Deep Learning and Traditional ML Models for Single-Cell RNA-Seq Data

Status: Complete Last Updated: 2026-02-23


Overview

This repository provides a complete, reproducible pipeline for predicting cell cycle phases (G1, S, G2M) from single-cell RNA-seq (scRNA-seq) data using deep learning (DL) and traditional machine learning (TML) models.

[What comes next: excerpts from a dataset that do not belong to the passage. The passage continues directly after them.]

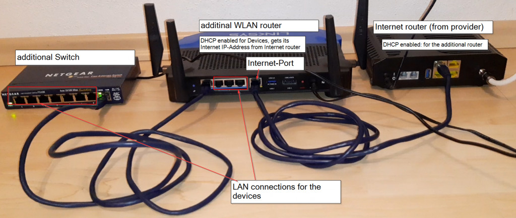 Alternatively, the local network of the Internet router can be extended by an additional local network with an additional router. In this variant, the home network of the Internet router serves only as a connection network for the additional router; accordingly, no devices should be connected to the Internet router or connected via Wi-Fi.
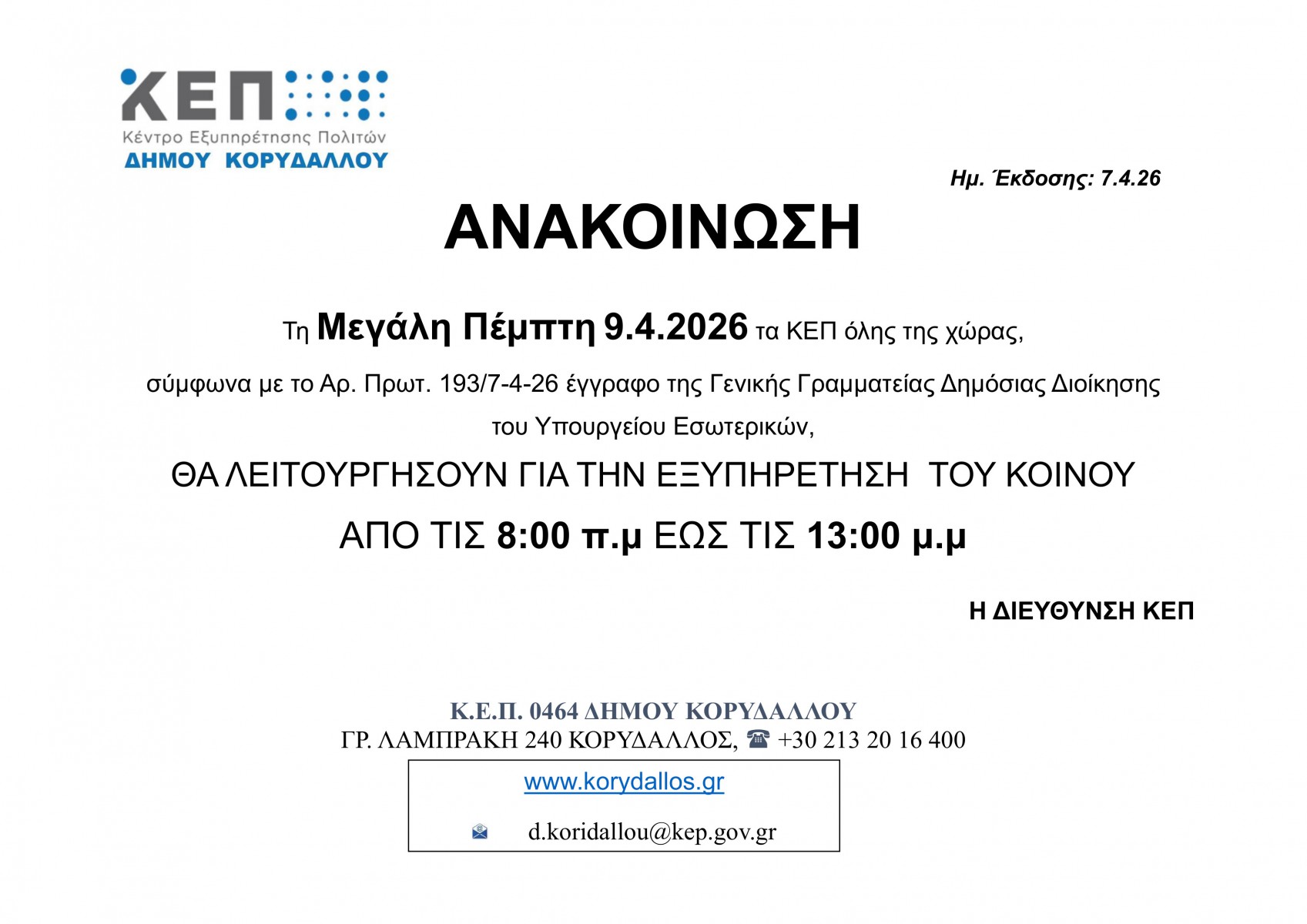 ΚΕΠ | ΩΡΑΡΙΟ ΜΕΓΑΛΗ ΠΕΜΠΤΗ View Larger Image Konstantinos Balasis2026-04-08T06:38:17+02:008 Απριλίου, 2026|ΚΕΠ, Νέα, Σημαντικά| Κοινοποιήστε αυτήν την σελίδα facebooktwitterlinkedinEmail
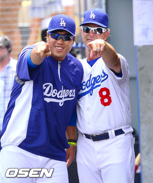 [OSEN=로스앤젤레스, 곽영래 기자] 1일(한국시간) 미국 캘리포니아주 로스앤젤레스 다저 스타디움에서 열린 2013 미국 메이저리그 LA 다저스와 필라델피아 필리스의 경기에 앞서 류현진과 매팅리 감독이 카메라를 향해 포즈 취하고 있다

The pipeline covers five stages: data preprocessing, consensus phase labeling, model training, benchmark evaluation, and publication visualization. All training was performed on an HPC cluster (DOLLY SODS, 155 GPUs) using SLURM job scheduling.

Key Features

  • Consensus labeling from 4 existing tools (Seurat, Tricycle, Revelio, ccAFv2)
  • 6 deep learning architectures + 4 traditional ML models
  • Nested cross-validation with Optuna hyperparameter optimization
  • SMOTE + undersampling for class imbalance handling
  • Focal loss for deep learning models
  • Ensemble fusion (decision and score-level) from top-3 models
  • SHAP interpretability analysis
  • Cross-species evaluation (human trained, mouse evaluated and vice versa)
  • Automatic gene name format conversion across species

Datasets

Training Datasets

Dataset Species Platform Cells (after labeling) Source
REH leukemia cell line Human 10x Chromium Multiome ~3,000 GSE293316
SUP-B15 leukemia cell line Human 10x Chromium Multiome ~3,000 GSE293316
Human PBMCs Human 10x Chromium 2,431 (1,963 G1 / 127 S / 341 G2M) 10x Genomics PBMC
Mouse E18 Brain Cells Mouse 10x Chromium v3 5,524 (3,830 G1 / 1,116 S / 578 G2M) 10x Genomics Mouse Brain
GSE75748 (hPSC/hESC) Human Smart-seq2 1,776 GSE75748
Nestorova (mouse HSC) Mouse Smart-seq2 - GSE81682

Benchmark Datasets (Ground Truth FUCCI or FACS labels)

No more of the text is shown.